Enhanced health and safety measures have been introduced into schools and group activities around the world to prevent the transmission of severe acute respiratory syndrome coronavirus 2 (SARS-CoV-2) among students and staff. This includes screening for symptoms to prevent those who are symptomatic from entering schools. However, with the large variation in clinical manifestations of SARS-CoV-2 in children, schools have been presented with a particular challenge to identify those with SARS-CoV-2 infection before they enter the building.

Knowing which symptoms are more likely to be associated with SARS-CoV-2 infection may help to direct screening and testing criteria for children. In this context, a related study offers important insights.1 King and colleagues sought to determine the symptoms most likely to predict SARS-CoV-2 infection in a cohort of Albertan children and adolescents under 19 years of age. They found that 35.9% of children who received a first SARS-CoV-2 test between April and September 2020 and tested positive reported no symptoms, a higher proportion than the pooled estimates of 15%–20% from systematic reviews on pediatric coronavirus disease 2019 (COVID-19).2 This discrepancy may be due to the broad strategy of testing close contacts that has existed in Alberta since early April, including testing contacts who are asymptomatic or presymptomatic at specified times after exposure.

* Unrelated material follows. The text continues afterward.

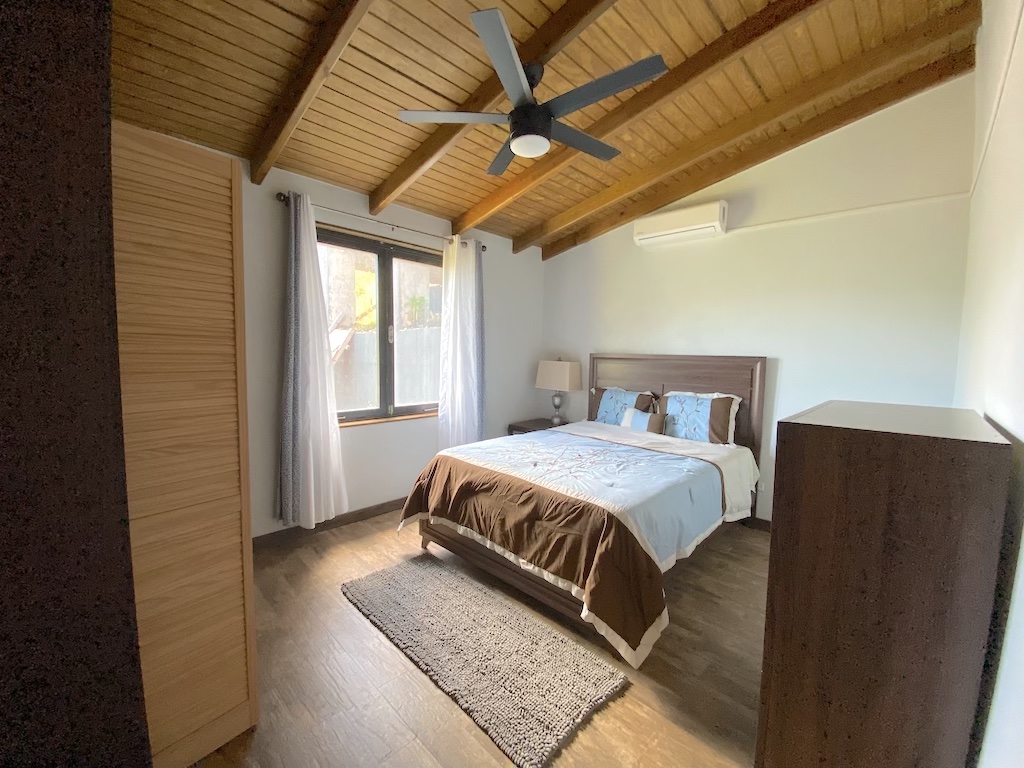 The property is entered in to a high ceiling lobby with steps leading to the bedrooms, laundry and office area. Both bedrooms have AC and built in storage.

The related study also confirms the ubiquitousness of symptoms potentially related to COVID-19 among children and adolescents. Fever, cough and rhinorrhea were the most common symptoms among children tested for SARS-CoV-2 infection, regardless of whether they tested positive or negative. However, the symptoms most likely to be associated with a positive SARS-CoV-2 test result were anosmia/ageusia, nausea/vomiting, headache and fever/chills. A recent umbrella review identified more than 30 systematic reviews regarding the clinical manifestations of pediatric COVID-19.2 Predominant symptoms included fever and cough in more than half the cases, followed by rhinorrhea/nasal congestion, myalgia/fatigue and sore throat in 10%–20% of cases and gastrointestinal symptoms and headache in fewer than 10% of cases.2 Although anosmia, with or without ageusia, has emerged as a specific symptom of SARS-CoV-2 infection in nearly half of all adult cases, King and colleagues found these symptoms in only 7.7% of children who tested positive.1 This frequency is comparable to findings in a cohort of children of health care workers in the United Kingdom, but lower than the 20% reported in a hospital-based pediatric cohort in Massachusetts.3–5

King and colleagues suggest that screening questionnaires should perhaps include only symptoms associated with positive test results, but they acknowledge the infrequency with which these symptoms occur, relative to upper respiratory tract symptoms and fever. Although the authors calculated positive likelihood ratios for the presence of each symptom in their analysis, this approach links the symptom to the infection but does not show whether the symptom occurred in isolation of other symptoms (e.g., Does isolated rhinorrhea, with or without an exposure history, predict SARS-CoV-2 infection?) or whether a child with rhinorrhea is likely to test positive for SARS-CoV-2. Given that symptoms such as headaches and rhinorrhea are common among school-aged children even in the absence of an infection, it would be important to determine the positive predictive value of these symptoms for COVID-19, particularly as isolated symptoms.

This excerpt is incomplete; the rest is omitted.